- TASK PROMPT:
Retype, with no pictures, each line from the one that holds "Golden Retriever Dog" through the last line of the entries below, both included.

- TASK INPUTS:

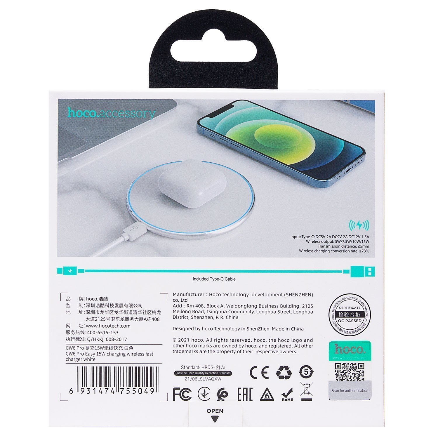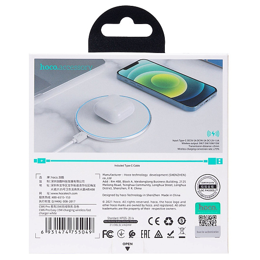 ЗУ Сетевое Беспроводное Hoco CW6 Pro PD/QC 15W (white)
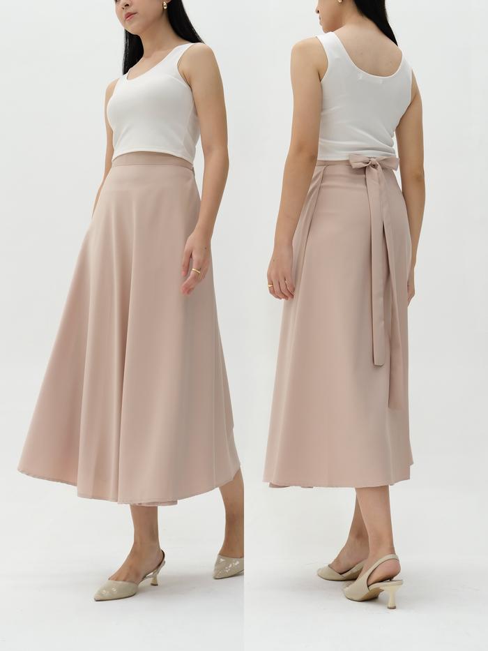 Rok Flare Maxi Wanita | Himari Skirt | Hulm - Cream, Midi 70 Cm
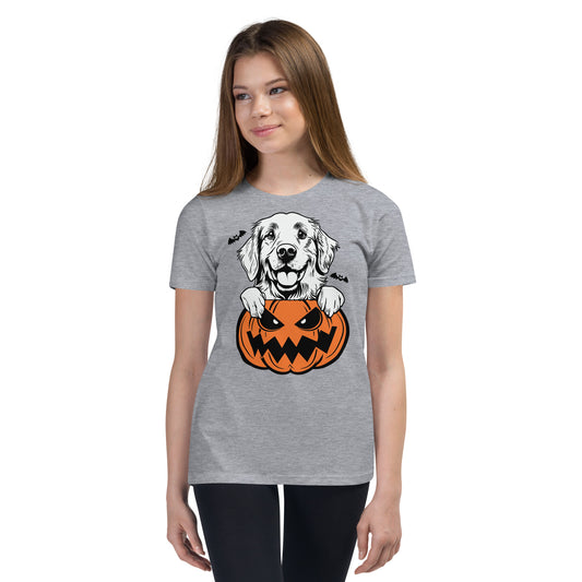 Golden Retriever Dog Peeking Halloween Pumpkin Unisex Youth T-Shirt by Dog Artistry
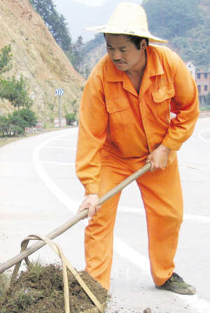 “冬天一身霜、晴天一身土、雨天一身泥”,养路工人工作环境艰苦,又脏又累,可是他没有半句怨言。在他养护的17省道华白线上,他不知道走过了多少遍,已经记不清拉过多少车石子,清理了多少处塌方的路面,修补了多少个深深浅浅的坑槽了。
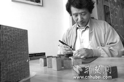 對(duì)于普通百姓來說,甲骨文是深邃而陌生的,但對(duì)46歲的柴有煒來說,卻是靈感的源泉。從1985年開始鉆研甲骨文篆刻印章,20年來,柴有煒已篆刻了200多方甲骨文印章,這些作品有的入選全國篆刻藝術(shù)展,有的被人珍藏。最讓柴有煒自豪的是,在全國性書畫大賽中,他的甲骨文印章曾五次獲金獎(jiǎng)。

- YOUR RESPONSE:
 Golden Retriever Dog Peeking Halloween Pumpkin Unisex Youth T-Shirt by Dog Artistry
 “冬天一身霜、晴天一身土、雨天一身泥”,养路工人工作环境艰苦,又脏又累,可是他没有半句怨言。在他养护的17省道华白线上,他不知道走过了多少遍,已经记不清拉过多少车石子,清理了多少处塌方的路面,修补了多少个深深浅浅的坑槽了。
 對(duì)于普通百姓來說,甲骨文是深邃而陌生的,但對(duì)46歲的柴有煒來說,卻是靈感的源泉。從1985年開始鉆研甲骨文篆刻印章,20年來,柴有煒已篆刻了200多方甲骨文印章,這些作品有的入選全國篆刻藝術(shù)展,有的被人珍藏。最讓柴有煒自豪的是,在全國性書畫大賽中,他的甲骨文印章曾五次獲金獎(jiǎng)。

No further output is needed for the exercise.